The authors evaluate different prompting and voting strategies for an evaluator agent, measuring performance across instruction clarity and unit test alignment. Results indicate that incorporating examples consistently improves clarity scores, while adding ground truth patches alongside examples yields the highest alignment performance. Different model and voting configurations reveal trade-offs between interaction efficiency and evaluation accuracy. Incorporating examples into the evaluation strategy significantly boosts instruction clarity metrics. Adding ground truth patches alongside examples further enhances unit test alignment performance. Different model and voting configurations demonstrate varying trade-offs between interaction efficiency and evaluation accuracy.
The the the table presents threshold-conditioned average unit-test scores for five evaluator prompt versions. Prompt v4 exhibits the strongest filtering quality at moderate thresholds, while prompt v5 achieves the highest score at the strictest threshold but with a significantly reduced number of retained samples. Prompt v4 maintains the strongest filtering quality at moderate thresholds. Prompt v5 yields the highest score at the strictest threshold but relies on a very small sample size. Stricter thresholds result in a substantial drop in the number of qualifying samples across all versions.

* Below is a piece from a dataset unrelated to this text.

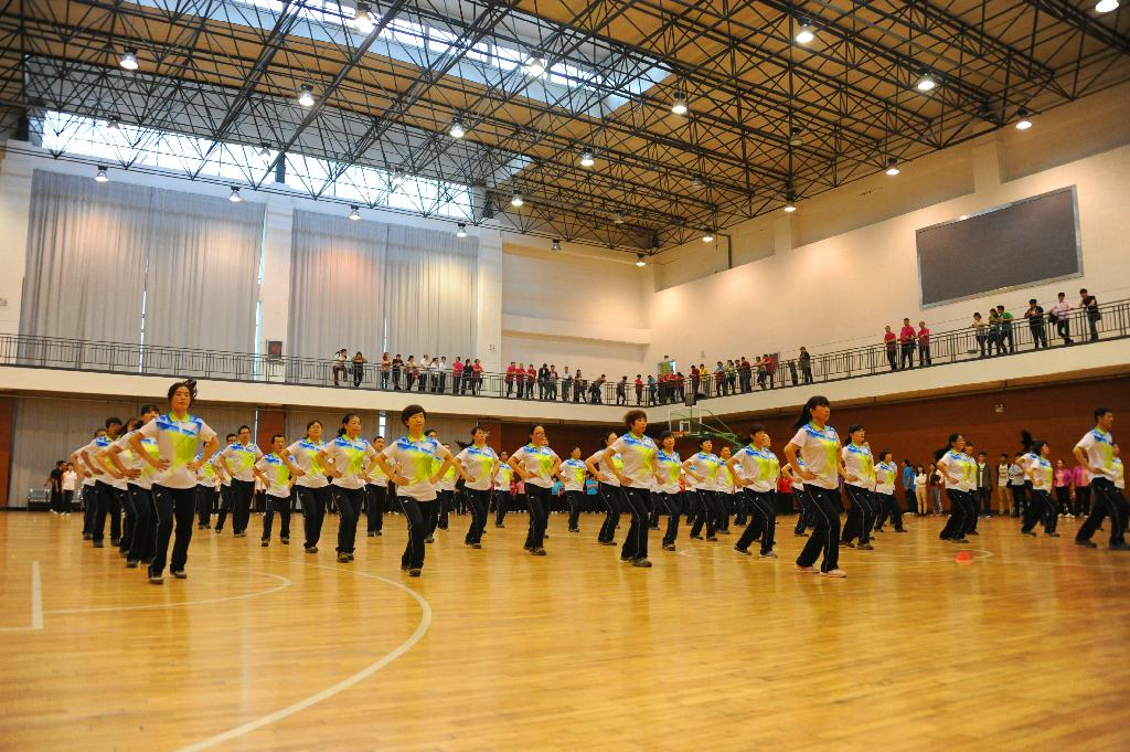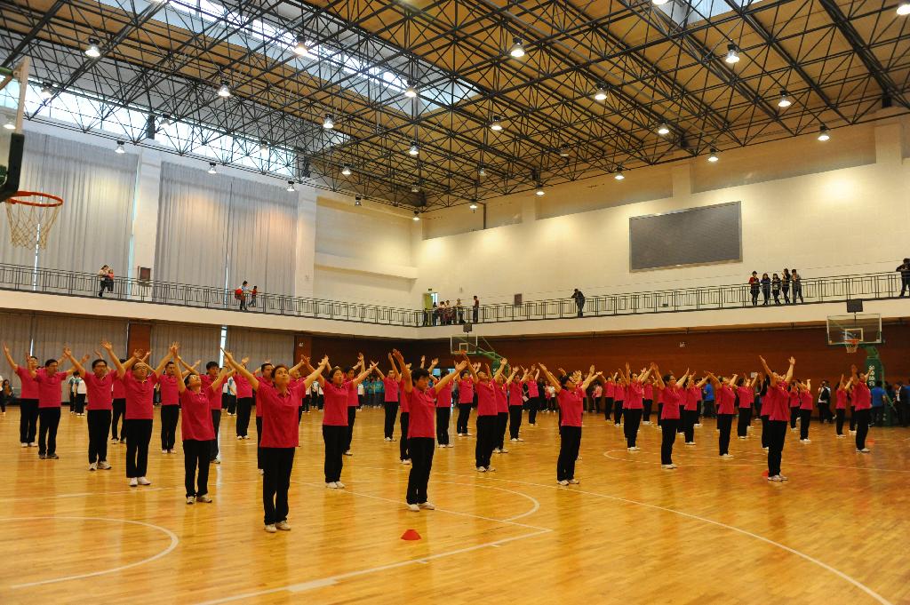 本次比赛共有22支教工代表队和17支学生代表队参加。比赛中,各代表队队员精神抖擞,动作有力,整齐划一,展现了健身的成果与昂扬的精神风貌。

The experiments evaluate a modified model variant across SWE-Bench tasks, iteratively refine evaluation prompts to test automated assessment reliability, and analyze user feedback to validate output completeness. Testing demonstrates that the modified variant significantly enhances code resolution and robustness while minimizing shortcut-driven hacking behaviors. Iterative prompt refinement reveals that moderately detailed instructions paired with concrete examples and ground truth patches optimally balance instruction clarity, unit test alignment, and filtering quality, whereas overly prescriptive rules or excessively strict thresholds ultimately degrade performance by restricting viable outputs. Collectively, these findings highlight that task success does not guarantee completeness, as omission-related gaps frequently persist, and underscore the importance of balancing evaluation granularity with model compliance to maintain both accuracy and practical utility.